Race, Religion, and the Politics of Education in Malaysia: What Price Affirmative Action?

Monday, April 28, 2003
12:00 PM - 1:00 PM
(Pacific)
Daniel and Nancy Okimoto Conference Room
Speaker: 
  • M. Bakri Musra

Educational achievement in Malaysia is racially skewed across its three main cultural groups: The Malay-Muslim majority lags behind the country's Chinese and Indian minorities. This poses a dilemma. Should the state give the majority preferential access to education in the name of group equality? Or permit such access to be decided by merit alone, in the name of fairness among individuals?
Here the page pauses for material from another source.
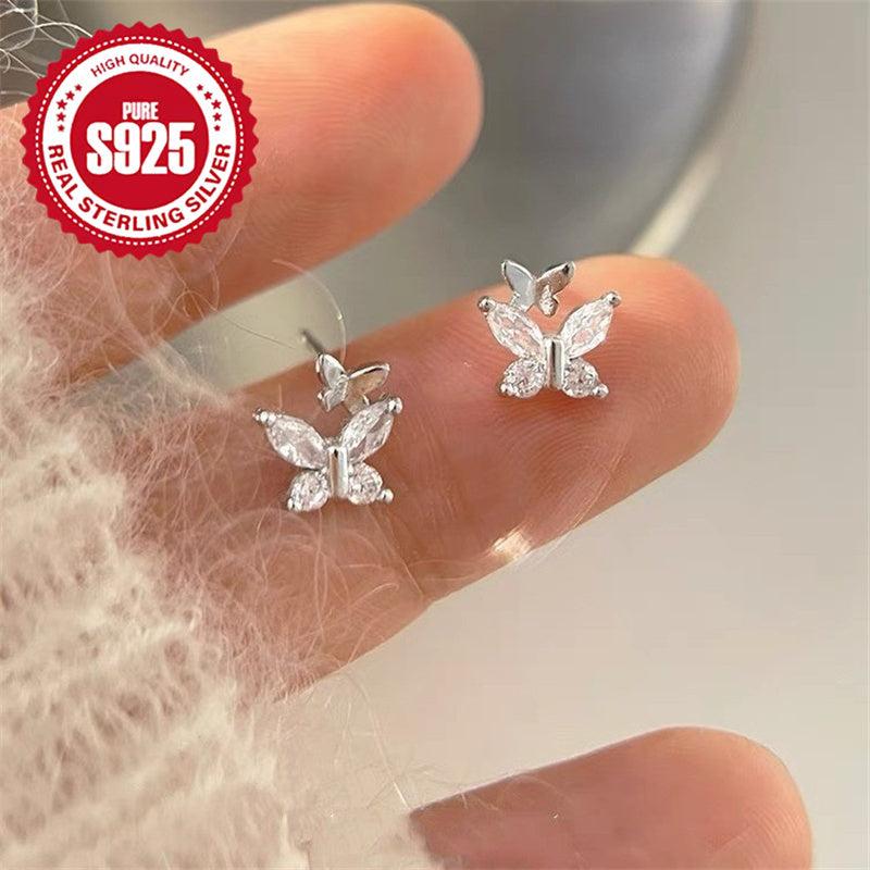 Adorn your ears with these delicate silvery butterfly earrings. The high-end ins style design is perfect for small crowds. Each earring is lightweight at 0.7g.

Malaysia has chosen to expand opportunities for schooling while maintaining a strict policy of affirmative action for Malays, all within a centrally controlled and standardized system of national education that relies on the Malay language and includes emphasis religion and morality. After showing how this pattern evolved from the secular, English-language format adopted by the British when they ruled Malaysia, Dr. Bakri Musa will assess the costs and benefits of affirmative educational action in the country today. Bakri Musa has written extensively on Malaysia. His latest book, An Education System Worthy of Malaysia (2003), has been described as "a severe critique" and "a comprehensive proposal for reform." Earlier titles include Malaysia in the Era of Globalization (2002), and The Malay Dilemma Revisited (1999). Shorter commentaries have appeared in Asiaweek, Education Quarterly, The Far Eastern Economic Review, and The International Herald Tribune, among other print media, and been aired by National Public Radio on its program, "Marketplace." A surgeon in private practice in Silicon Valley, Dr. Musa earned his medical and graduate degrees at the University of Alberta in Canada.